[Opening EXERCISE INPUT section]

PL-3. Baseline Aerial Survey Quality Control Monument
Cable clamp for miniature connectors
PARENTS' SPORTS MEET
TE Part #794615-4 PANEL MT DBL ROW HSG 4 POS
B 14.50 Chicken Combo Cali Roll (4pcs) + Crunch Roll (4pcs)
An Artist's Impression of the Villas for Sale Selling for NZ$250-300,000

[Closing EXERCISE INPUT section]
[Opening EXERCISE INPUT section]

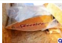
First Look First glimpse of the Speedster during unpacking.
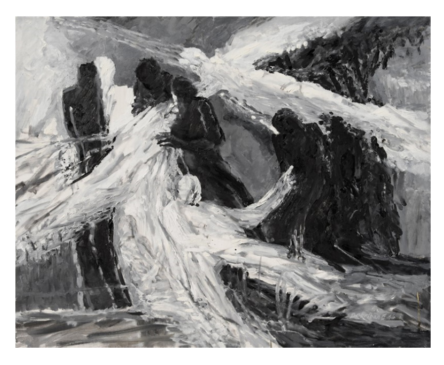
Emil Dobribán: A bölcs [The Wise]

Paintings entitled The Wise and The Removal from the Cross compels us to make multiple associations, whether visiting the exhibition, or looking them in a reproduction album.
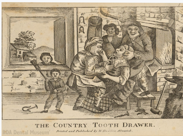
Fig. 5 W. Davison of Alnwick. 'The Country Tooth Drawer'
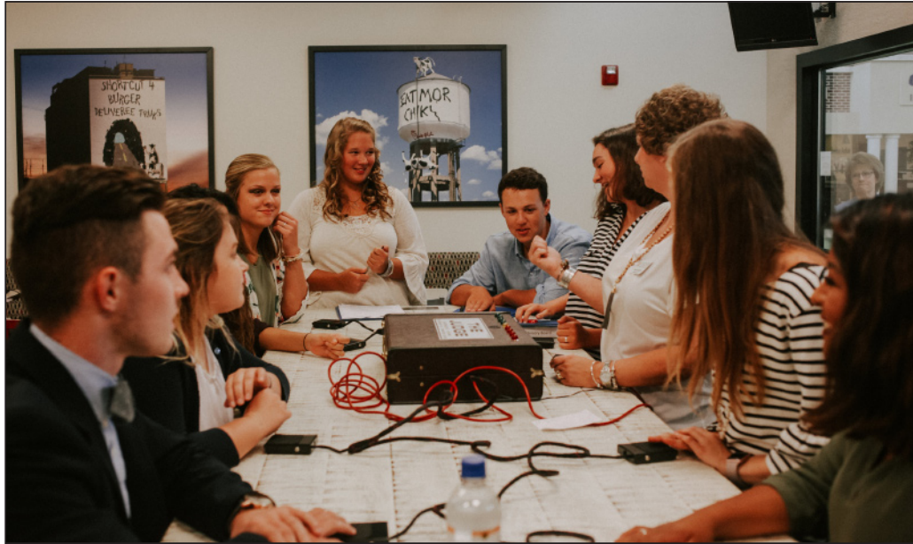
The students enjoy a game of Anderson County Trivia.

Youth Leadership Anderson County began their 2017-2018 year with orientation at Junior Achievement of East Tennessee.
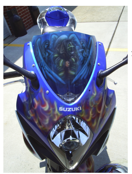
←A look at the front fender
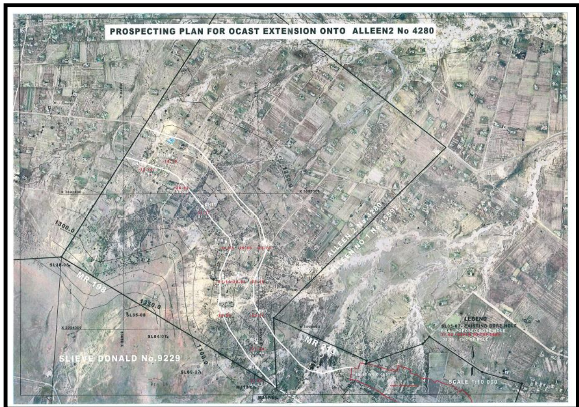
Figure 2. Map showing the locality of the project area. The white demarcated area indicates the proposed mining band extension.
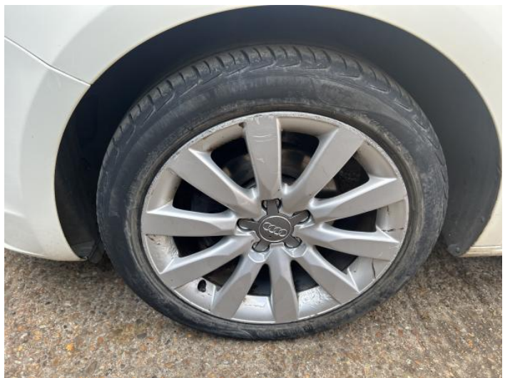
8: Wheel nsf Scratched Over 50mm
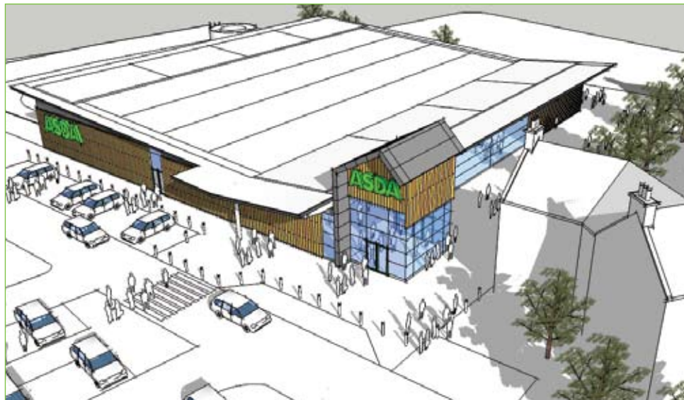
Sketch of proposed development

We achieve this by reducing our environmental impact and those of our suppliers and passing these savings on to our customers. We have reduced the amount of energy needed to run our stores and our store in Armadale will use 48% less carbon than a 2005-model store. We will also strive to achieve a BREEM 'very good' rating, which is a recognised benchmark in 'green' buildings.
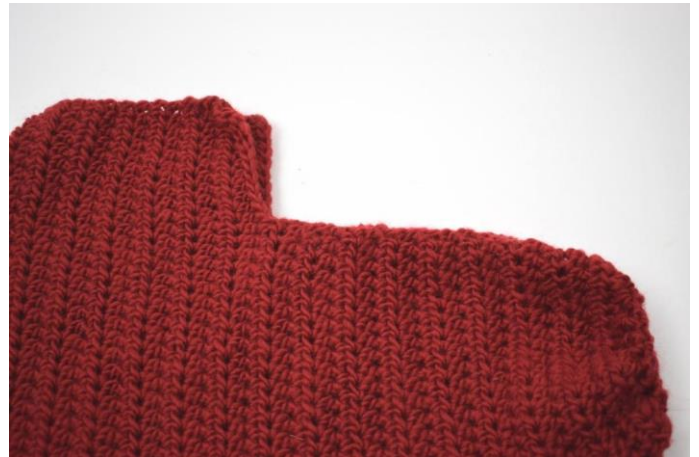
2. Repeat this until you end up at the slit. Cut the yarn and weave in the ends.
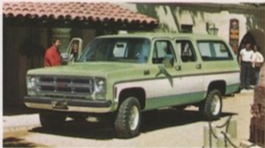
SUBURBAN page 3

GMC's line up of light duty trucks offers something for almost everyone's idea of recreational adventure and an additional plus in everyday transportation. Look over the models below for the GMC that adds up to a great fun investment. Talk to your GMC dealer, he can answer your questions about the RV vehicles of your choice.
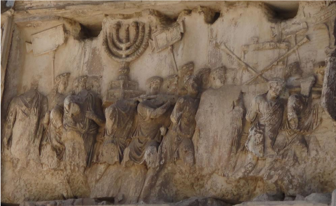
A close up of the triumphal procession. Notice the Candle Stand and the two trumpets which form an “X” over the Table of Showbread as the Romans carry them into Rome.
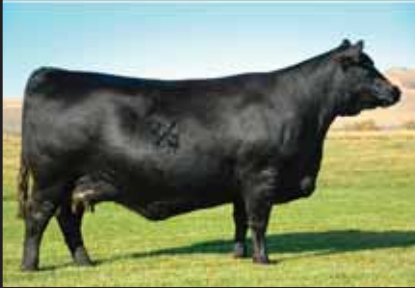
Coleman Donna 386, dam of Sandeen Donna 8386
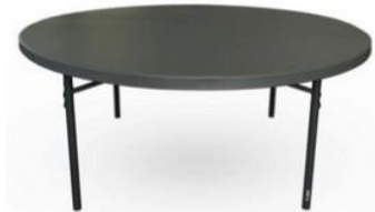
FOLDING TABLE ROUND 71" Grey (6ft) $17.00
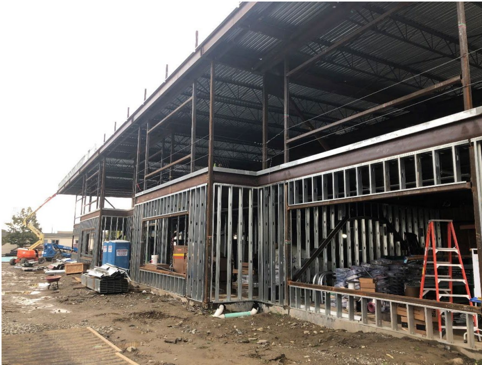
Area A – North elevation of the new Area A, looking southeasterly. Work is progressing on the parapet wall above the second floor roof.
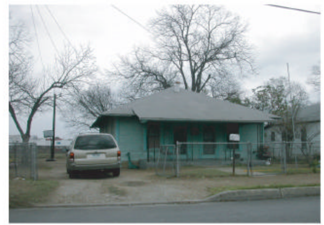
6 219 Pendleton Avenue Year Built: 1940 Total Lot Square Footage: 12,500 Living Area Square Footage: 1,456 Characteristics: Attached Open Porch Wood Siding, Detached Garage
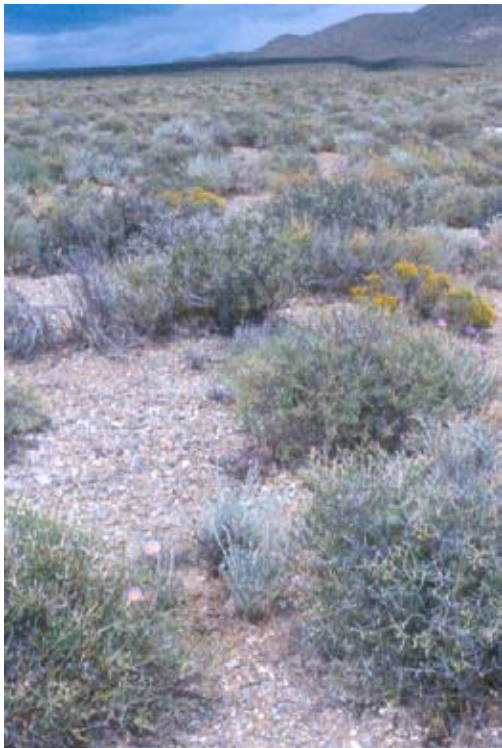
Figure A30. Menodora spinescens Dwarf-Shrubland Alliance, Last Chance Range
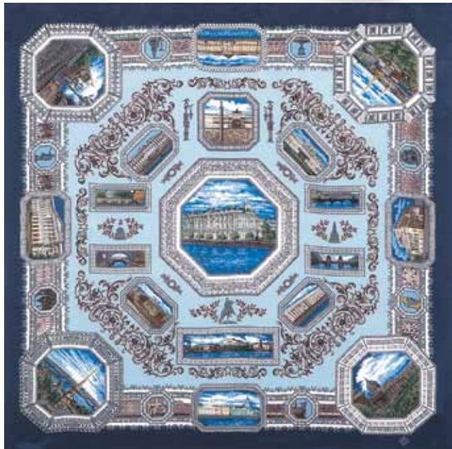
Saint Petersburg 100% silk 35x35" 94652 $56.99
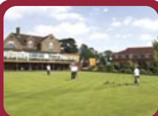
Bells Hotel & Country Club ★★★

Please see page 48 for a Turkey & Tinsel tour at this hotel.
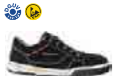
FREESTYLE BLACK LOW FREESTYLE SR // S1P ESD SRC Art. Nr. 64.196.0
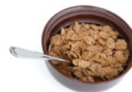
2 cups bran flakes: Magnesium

[Closing EXERCISE INPUT section]

» TASK TO CARRY OUT: Could you return all lines from the records that include the word "page"?

» EXPECTED ANSWER:
SUBURBAN page 3
Please see page 48 for a Turkey & Tinsel tour at this hotel.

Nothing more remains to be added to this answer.